El 28 de marzo pasado, es decir, hace once días, usted hizo una serie de comentarios en Radio UNAM que atentan contra el espíritu de la Máxima Casa de Estudios y de la misión que tiene la radiodifusora; no es su lenguaje procaz (aunque poco favorecedor del intercambio público, eso es lo de menos), lo que importa es que usted menosprecia a las mujeres víctimas de la violación, hace escarnio de ellas y llega a decir, incluso, que a muchas de ellas les gusta. Usted es titular de un programa universitario y no tuvo reparo alguno para expresar su supina ignorancia de la ley y los más elementales principios de la ética para situarse del lado de la víctima en todo momento.
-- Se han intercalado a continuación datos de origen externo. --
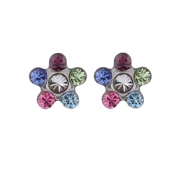 Tiny Tips Stud Earrings Tiffany Setting Hypoallergenic (stainless daisy rainbow)

Los términos que empleó no los repito, son ahora del conocimiento público.
Han pasado once días, reitero, desde que usted manifestó esa deplorable postura, sin que el rector de la UNAM o cualquiera de las instancias directamente involucradas hubieran hecho algo al respecto. Y esa omisión no sólo es delicada porque es aquiescente con la transgresión de los principios universitarios, sino porque también es violatoria de la ley federal de telecomunicaciones. Espero que pronto haga algo la autoridad universitaria pero mientras tanto creo que usted debería renunciar a la responsabilidad que le implica tener un micrófono universitario.
Me dirijo a usted públicamente al tenerlo como contacto de Facebook, le expreso otra vez mi más profundo desacuerdo con su punto de vista y convoco a todos los universitarios y a los ciudadanos en general a replicar la exigencia de su renuncia inmediata a Radio UNAM.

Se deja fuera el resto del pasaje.